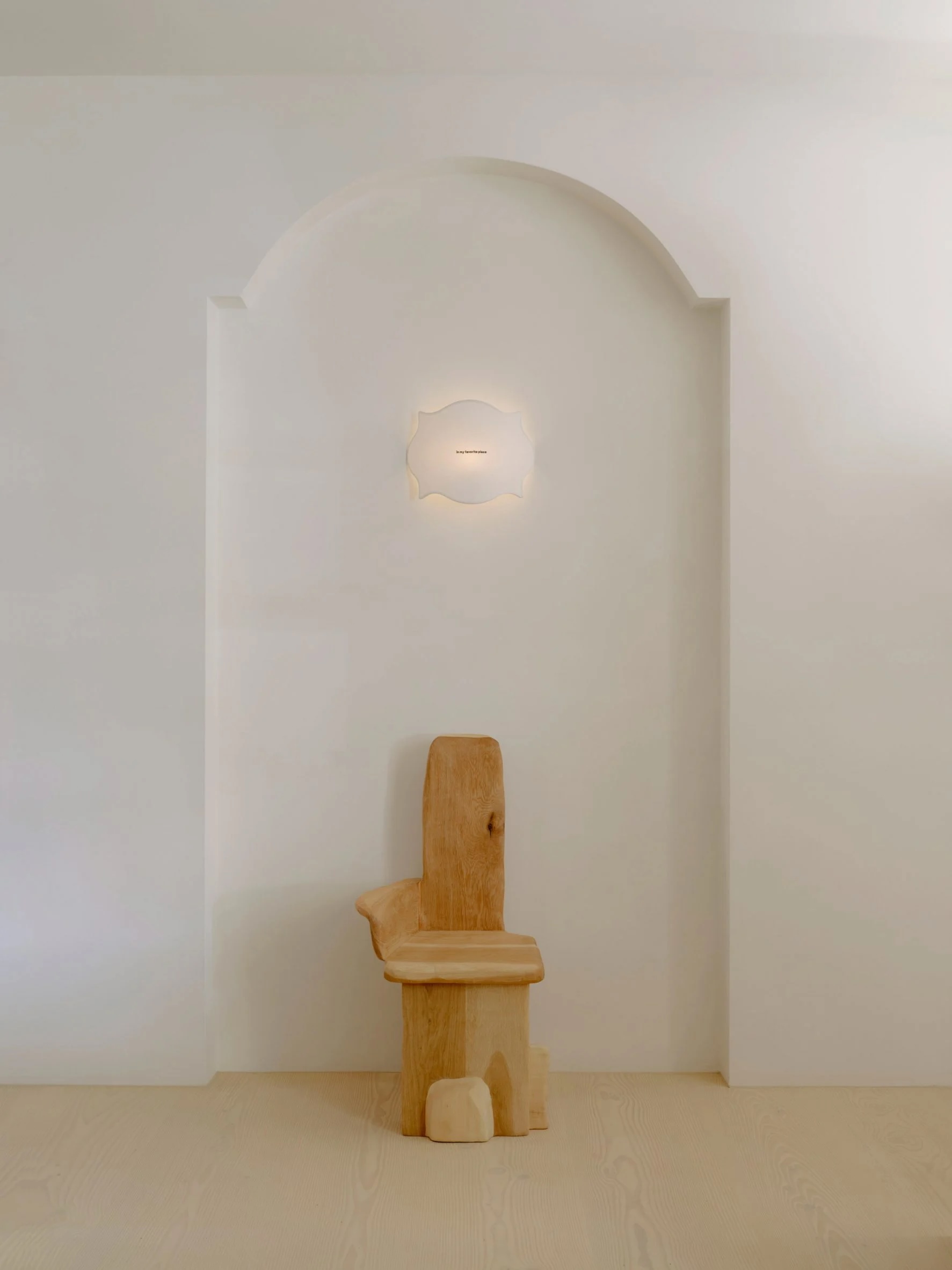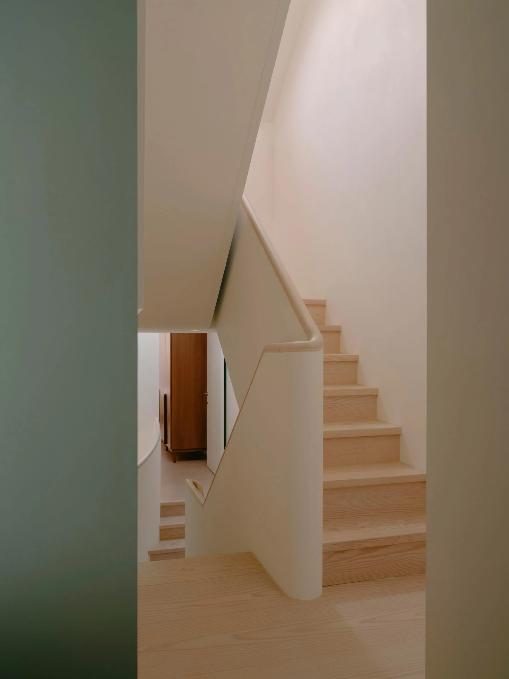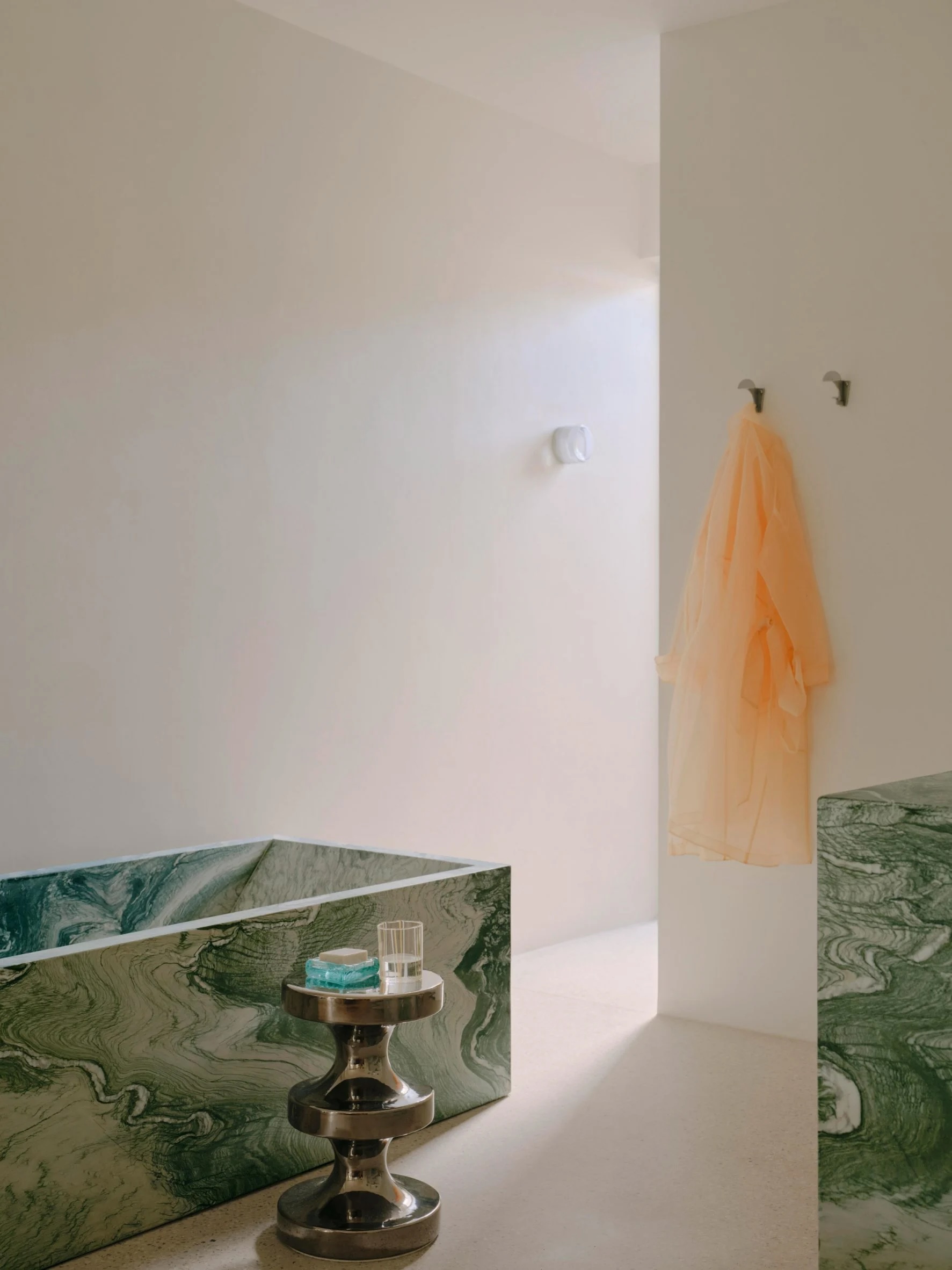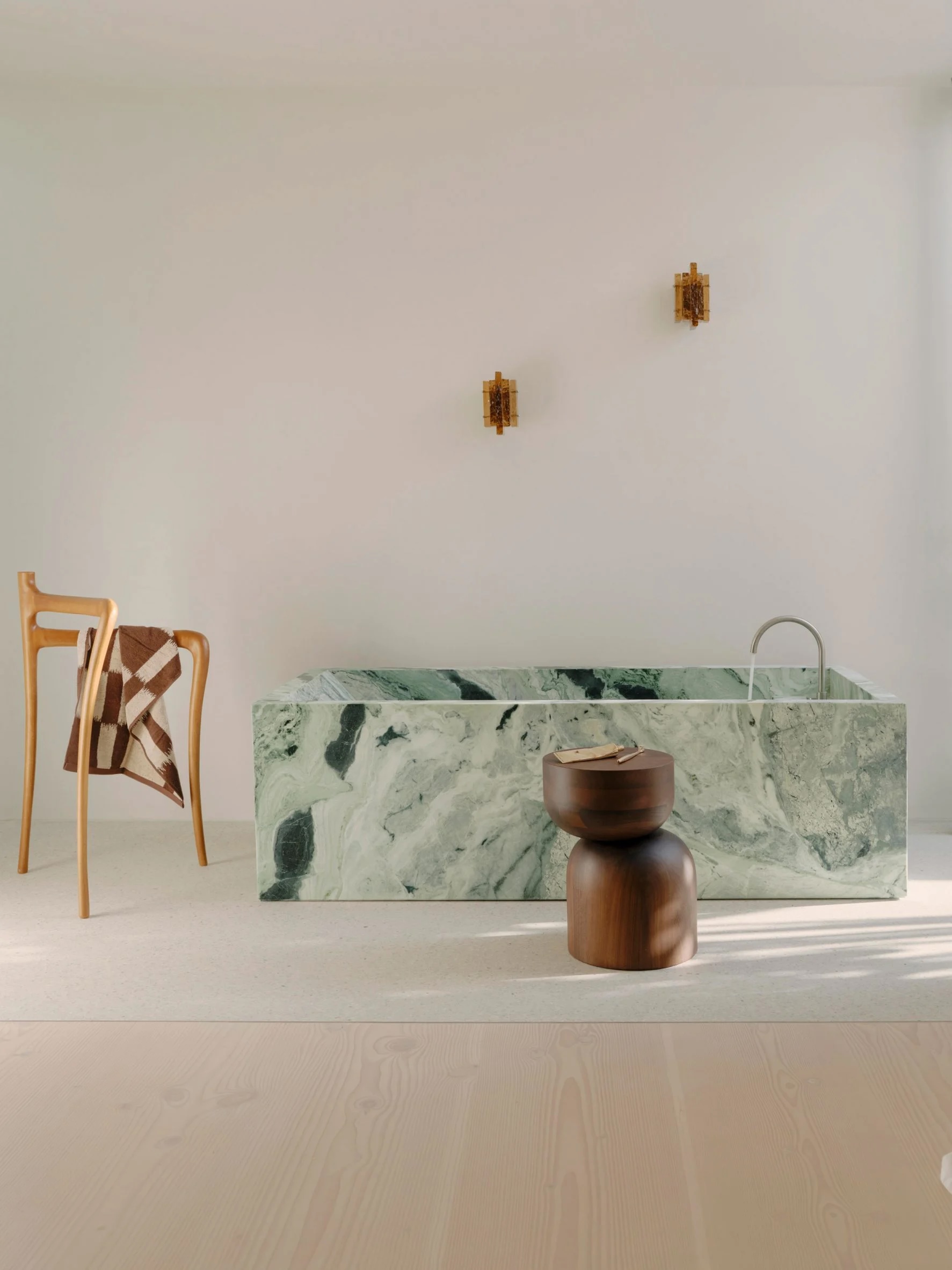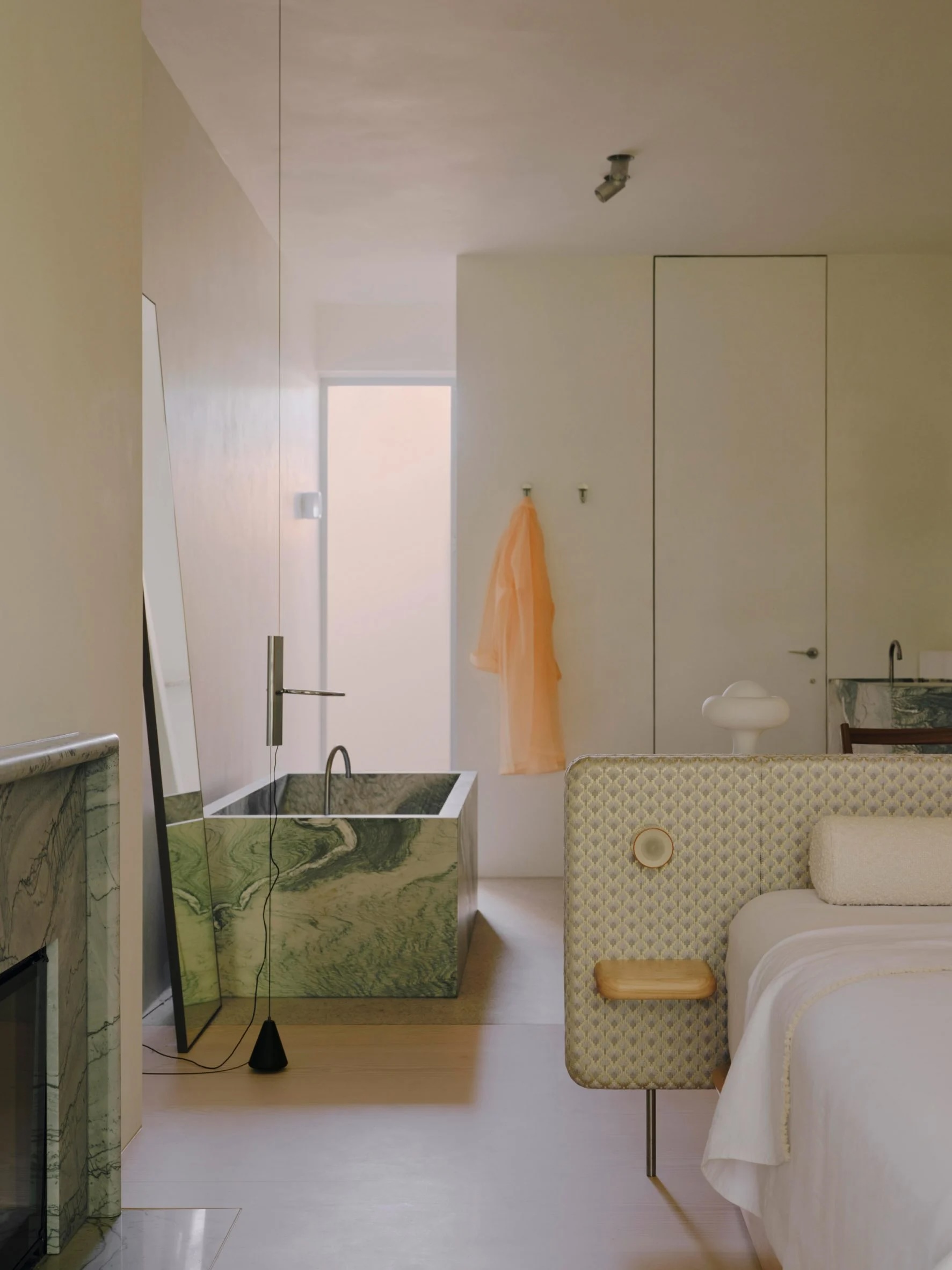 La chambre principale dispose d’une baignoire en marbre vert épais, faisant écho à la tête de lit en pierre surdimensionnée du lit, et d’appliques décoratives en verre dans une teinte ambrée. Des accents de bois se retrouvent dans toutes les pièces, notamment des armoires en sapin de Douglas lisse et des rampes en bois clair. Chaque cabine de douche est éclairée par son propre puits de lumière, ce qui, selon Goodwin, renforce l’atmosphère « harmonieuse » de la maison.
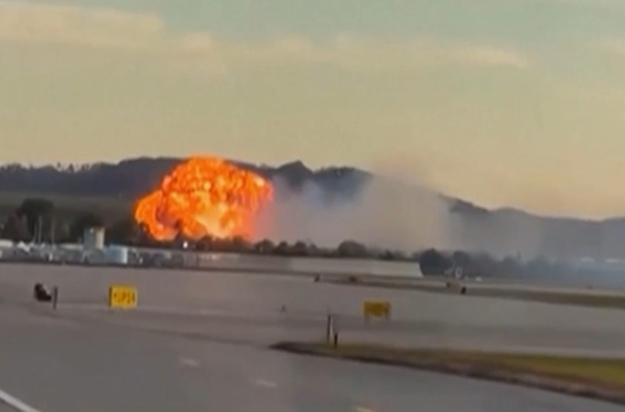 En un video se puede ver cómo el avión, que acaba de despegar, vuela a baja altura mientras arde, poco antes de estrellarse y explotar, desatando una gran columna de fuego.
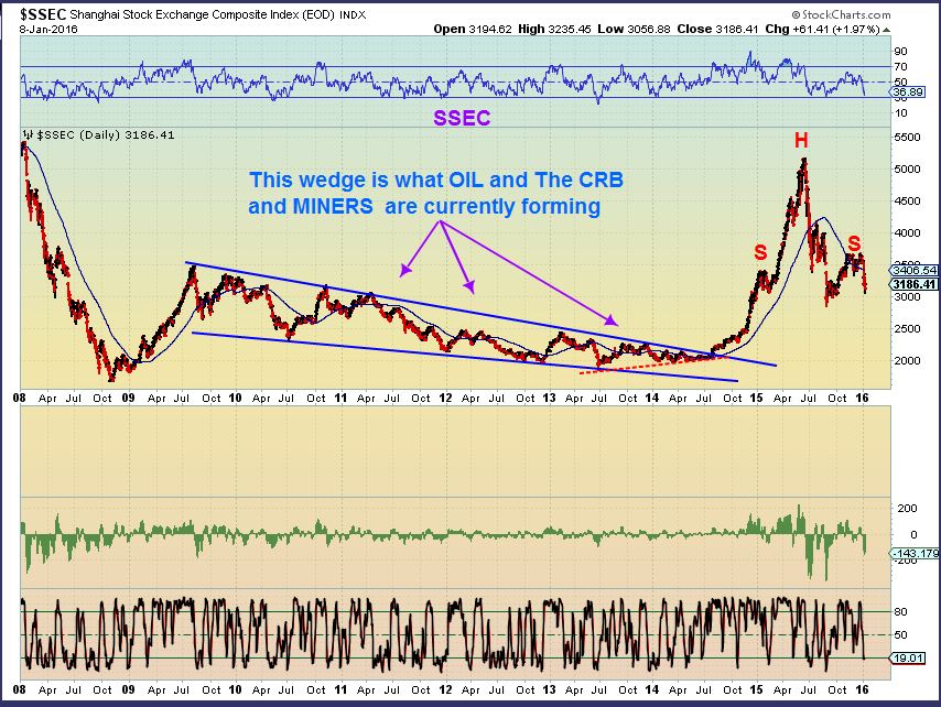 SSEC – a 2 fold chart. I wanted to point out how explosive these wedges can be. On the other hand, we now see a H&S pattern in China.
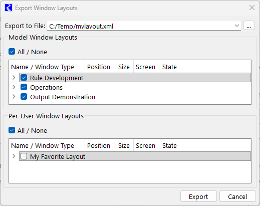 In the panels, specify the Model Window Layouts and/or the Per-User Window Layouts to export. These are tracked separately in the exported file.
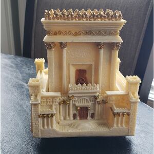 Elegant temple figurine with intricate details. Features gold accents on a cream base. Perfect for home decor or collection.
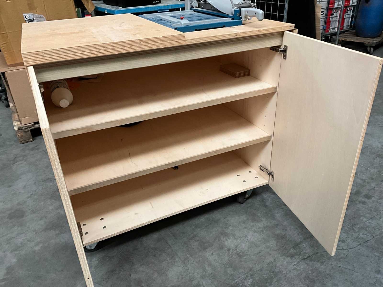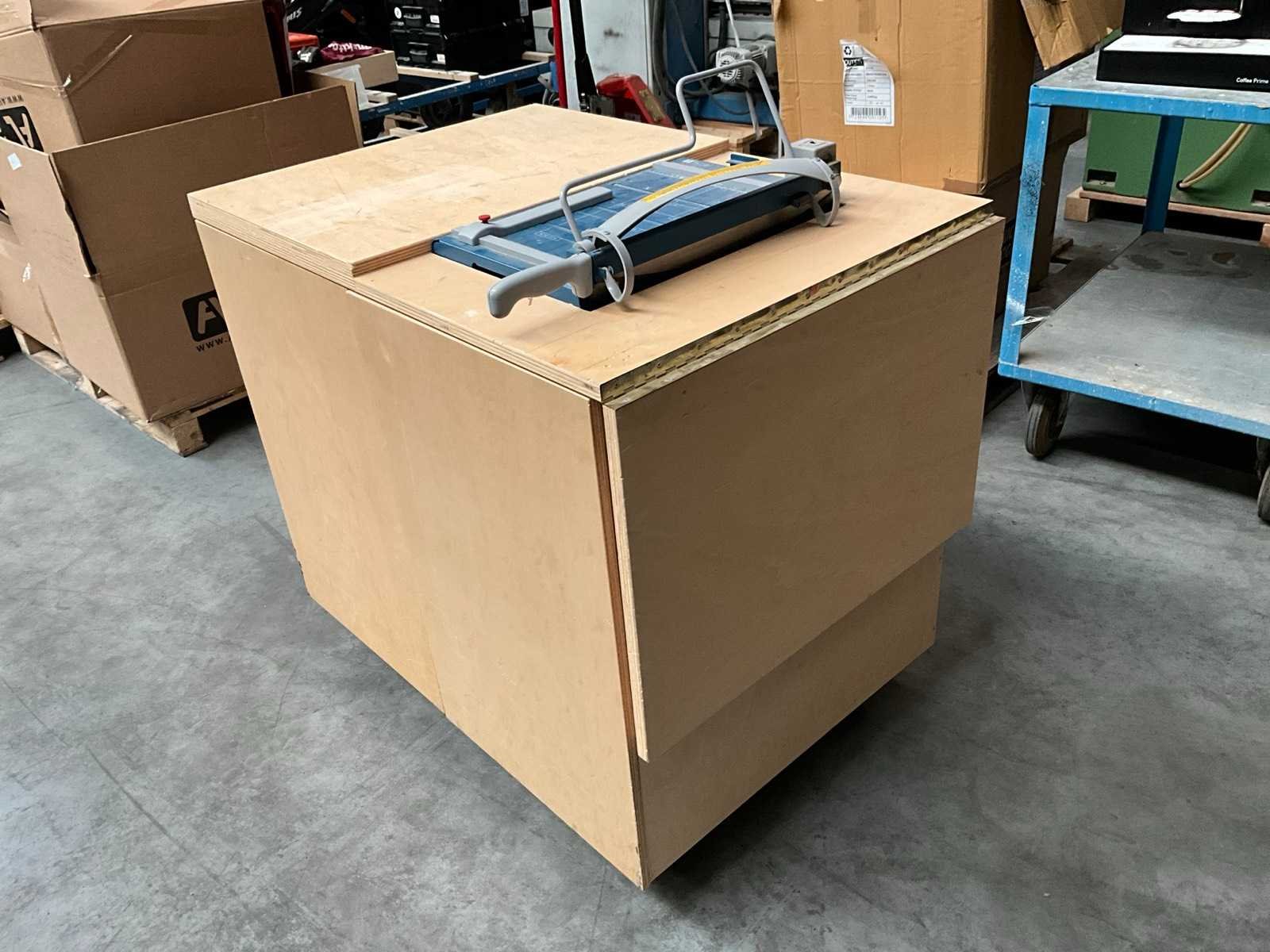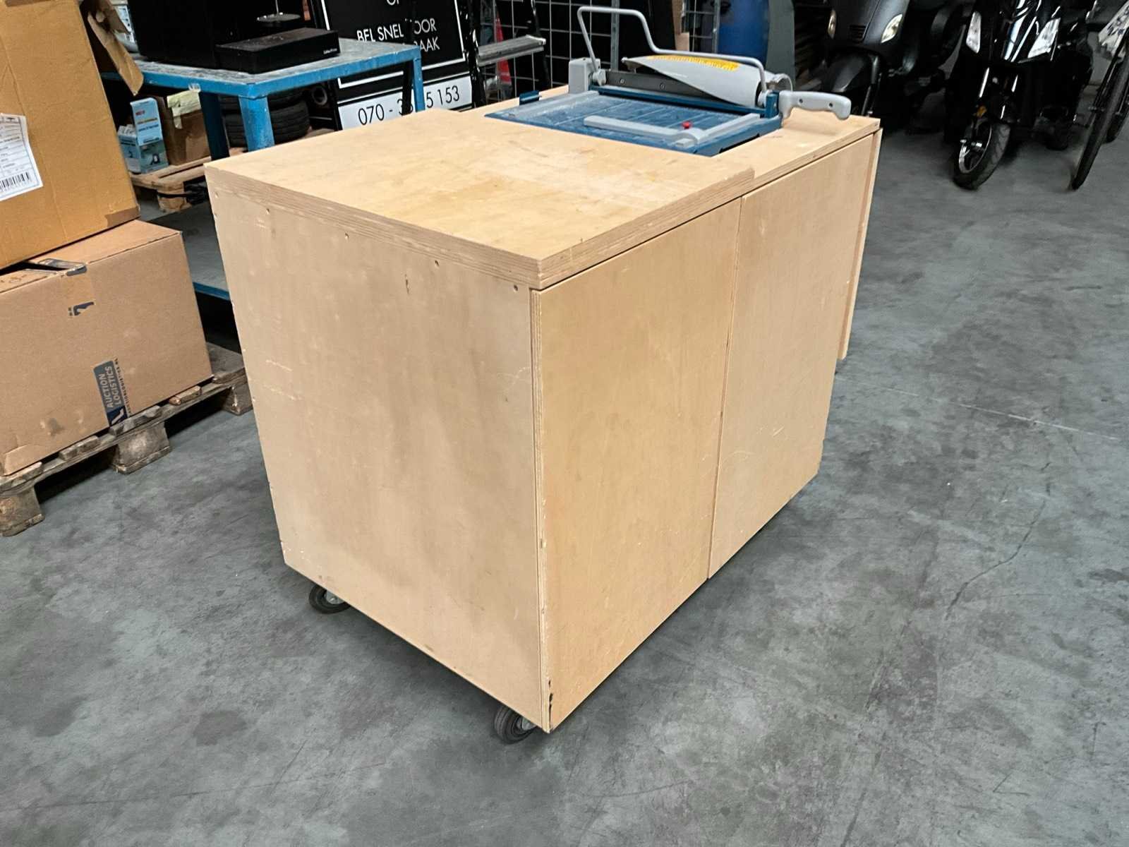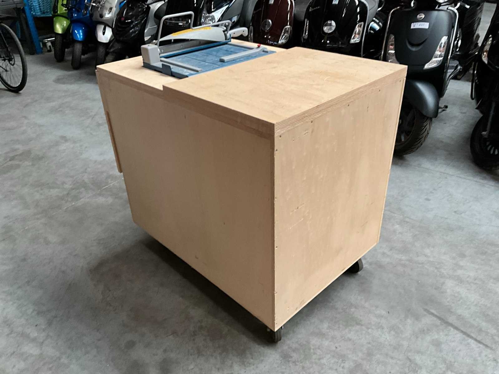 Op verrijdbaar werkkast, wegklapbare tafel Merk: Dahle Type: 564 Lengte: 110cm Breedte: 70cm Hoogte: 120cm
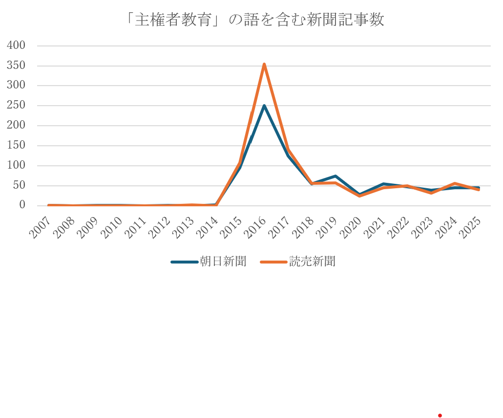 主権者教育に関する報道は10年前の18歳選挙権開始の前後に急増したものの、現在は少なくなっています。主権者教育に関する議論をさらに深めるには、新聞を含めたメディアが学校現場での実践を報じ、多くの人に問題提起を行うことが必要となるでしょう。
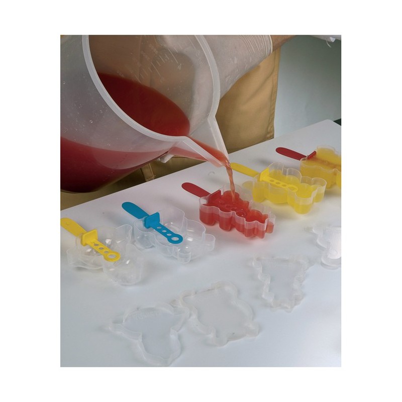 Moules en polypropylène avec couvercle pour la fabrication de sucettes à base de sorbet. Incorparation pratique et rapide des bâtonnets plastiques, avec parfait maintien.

## What is expected
Leave out the pictures, then reproduce exactly the run of lines from the one that contains "主権者教育に関する報道は10" to the final line of the listing above.

## Reply
 主権者教育に関する報道は10年前の18歳選挙権開始の前後に急増したものの、現在は少なくなっています。主権者教育に関する議論をさらに深めるには、新聞を含めたメディアが学校現場での実践を報じ、多くの人に問題提起を行うことが必要となるでしょう。
 Moules en polypropylène avec couvercle pour la fabrication de sucettes à base de sorbet. Incorparation pratique et rapide des bâtonnets plastiques, avec parfait maintien.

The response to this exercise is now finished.